Below are the entries. Print only the lines starting at the one with "通过专业的法律咨询解读、、、" and ending at the one with "关于召开手术视频大赛 (肝胆手术视频大赛)的通知", exactly, with no pictures.

* Supplied records

- - -

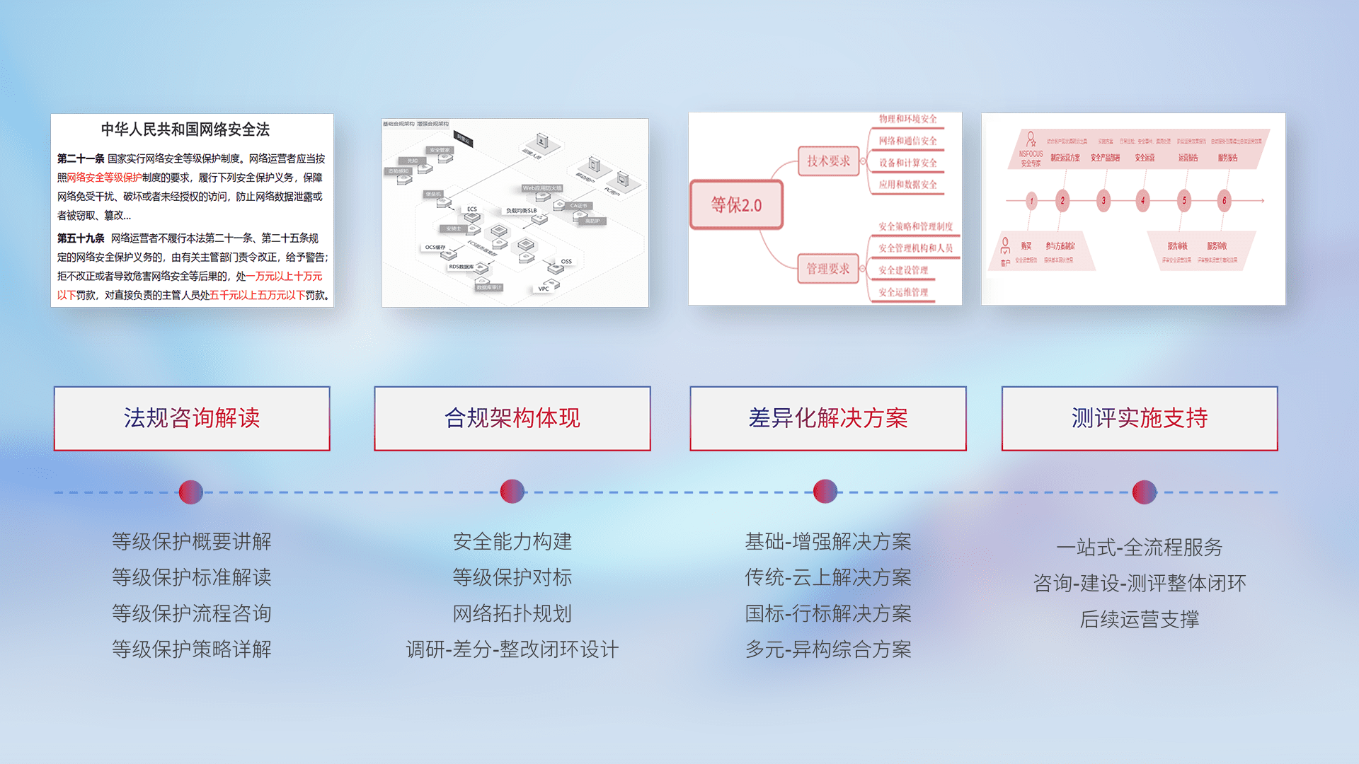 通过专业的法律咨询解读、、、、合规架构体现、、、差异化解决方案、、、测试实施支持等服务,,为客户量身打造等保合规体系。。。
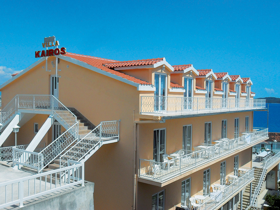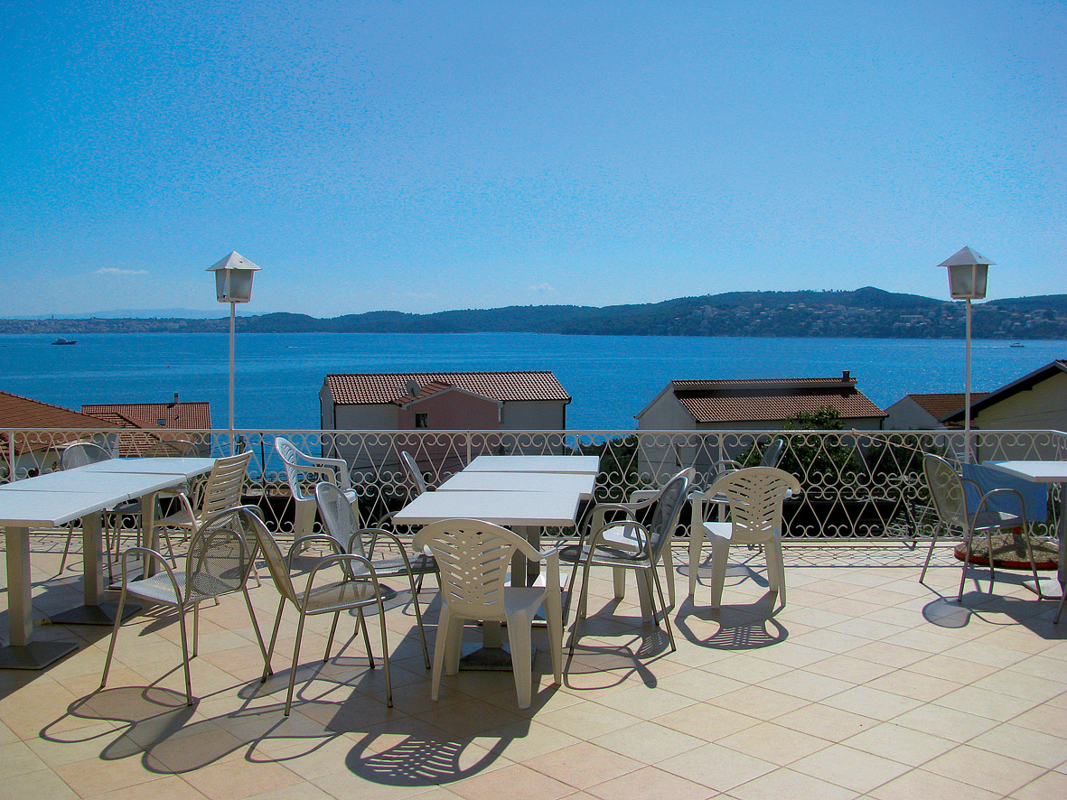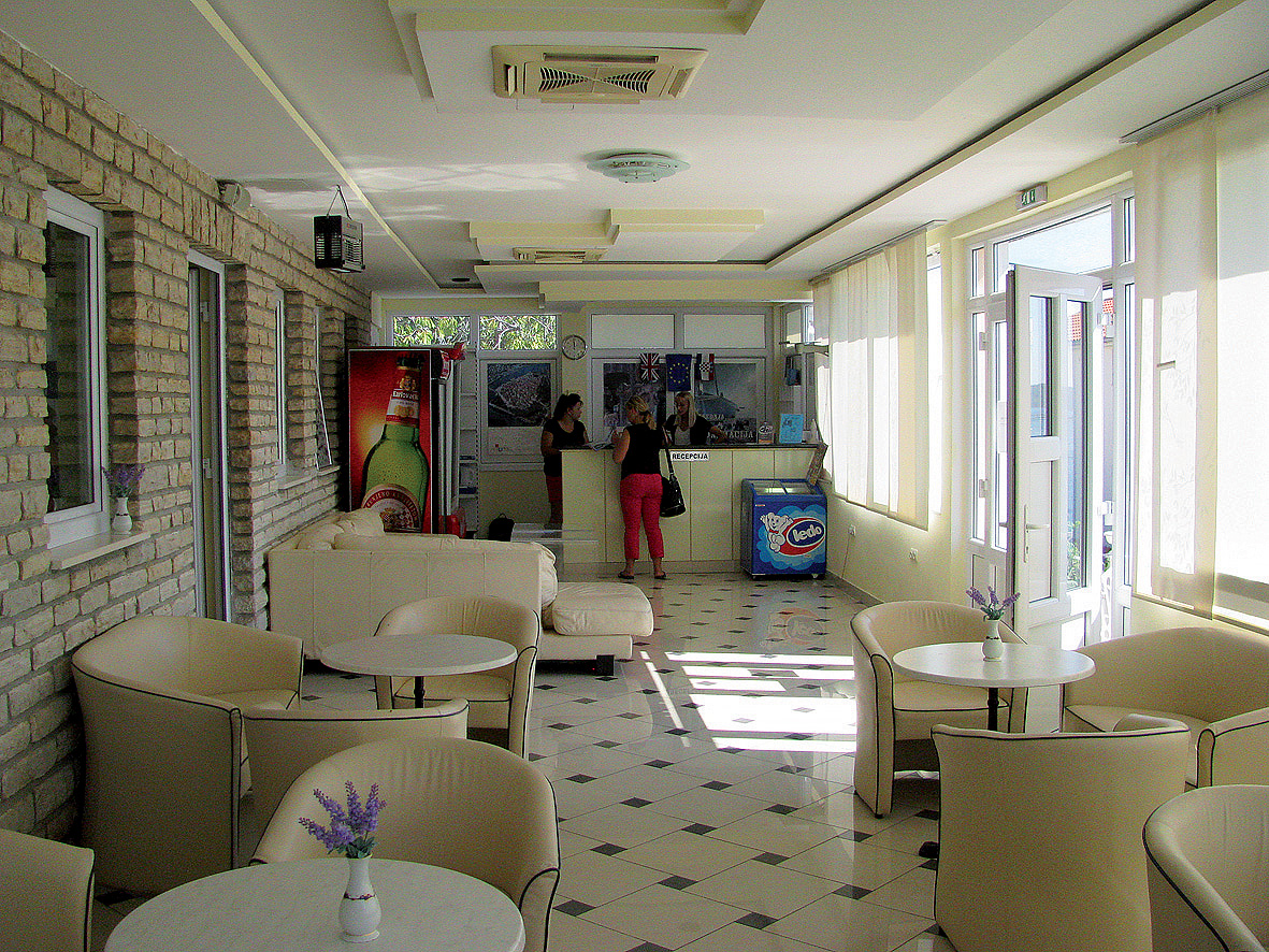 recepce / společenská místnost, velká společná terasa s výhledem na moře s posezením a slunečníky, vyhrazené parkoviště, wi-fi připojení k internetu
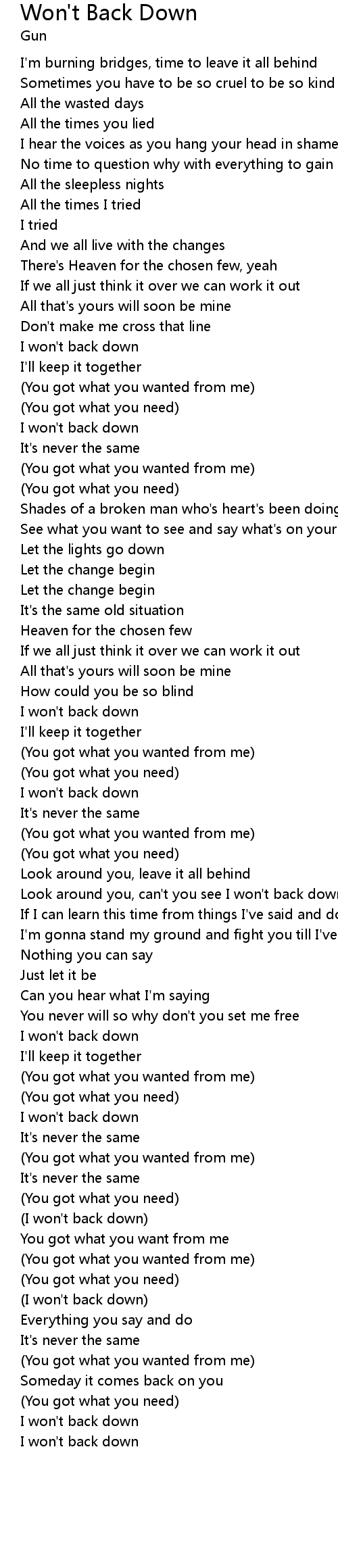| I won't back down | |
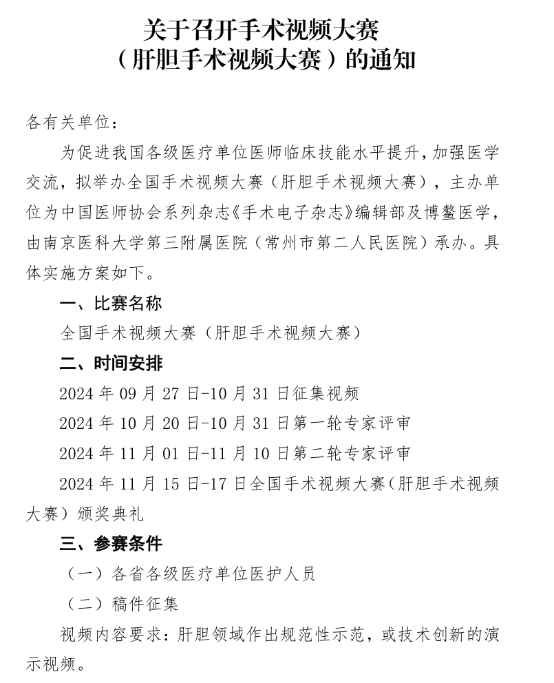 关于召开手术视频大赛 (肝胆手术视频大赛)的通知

- - -

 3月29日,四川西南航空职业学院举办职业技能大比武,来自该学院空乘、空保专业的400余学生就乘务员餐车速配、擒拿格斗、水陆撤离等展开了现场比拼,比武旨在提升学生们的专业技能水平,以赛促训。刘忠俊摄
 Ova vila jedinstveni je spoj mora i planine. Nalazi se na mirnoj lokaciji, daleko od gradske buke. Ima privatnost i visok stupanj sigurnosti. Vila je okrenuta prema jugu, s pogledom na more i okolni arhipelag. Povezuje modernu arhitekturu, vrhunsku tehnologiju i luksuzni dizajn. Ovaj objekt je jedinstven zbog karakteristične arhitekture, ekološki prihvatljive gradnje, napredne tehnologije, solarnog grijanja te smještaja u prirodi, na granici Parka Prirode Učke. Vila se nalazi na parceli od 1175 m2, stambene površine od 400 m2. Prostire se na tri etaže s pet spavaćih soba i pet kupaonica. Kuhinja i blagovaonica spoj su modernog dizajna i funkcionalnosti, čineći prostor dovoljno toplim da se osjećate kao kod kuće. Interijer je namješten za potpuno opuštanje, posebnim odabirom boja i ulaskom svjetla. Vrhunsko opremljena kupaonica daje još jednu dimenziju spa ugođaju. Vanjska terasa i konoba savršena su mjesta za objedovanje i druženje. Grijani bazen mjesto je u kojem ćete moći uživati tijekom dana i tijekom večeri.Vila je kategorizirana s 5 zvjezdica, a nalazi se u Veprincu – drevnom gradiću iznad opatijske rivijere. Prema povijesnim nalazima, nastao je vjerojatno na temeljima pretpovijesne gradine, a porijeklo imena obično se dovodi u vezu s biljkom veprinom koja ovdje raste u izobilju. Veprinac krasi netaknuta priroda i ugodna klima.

- - -

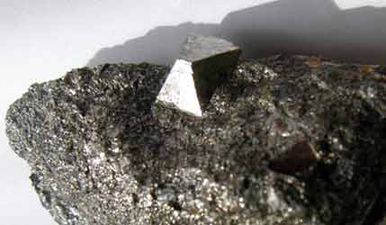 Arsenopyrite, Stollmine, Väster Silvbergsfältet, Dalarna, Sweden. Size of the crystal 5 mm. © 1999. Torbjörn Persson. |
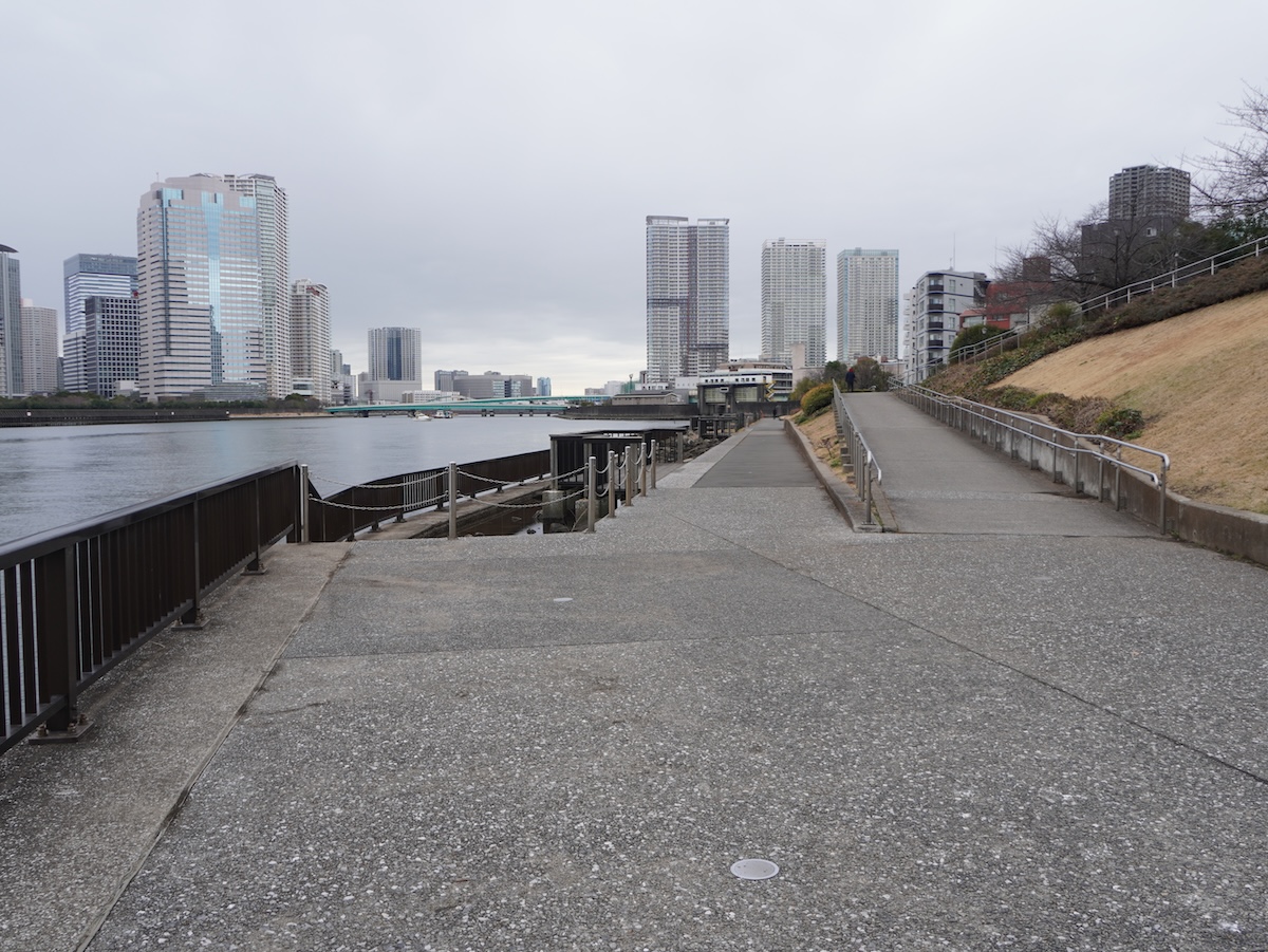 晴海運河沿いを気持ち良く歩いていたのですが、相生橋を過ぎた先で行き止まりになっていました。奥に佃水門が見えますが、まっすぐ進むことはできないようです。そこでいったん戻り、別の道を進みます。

- - -

* Task solution
 通过专业的法律咨询解读、、、、合规架构体现、、、差异化解决方案、、、测试实施支持等服务,,为客户量身打造等保合规体系。。。
 recepce / společenská místnost, velká společná terasa s výhledem na moře s posezením a slunečníky, vyhrazené parkoviště, wi-fi připojení k internetu
| I won't back down | |
 关于召开手术视频大赛 (肝胆手术视频大赛)的通知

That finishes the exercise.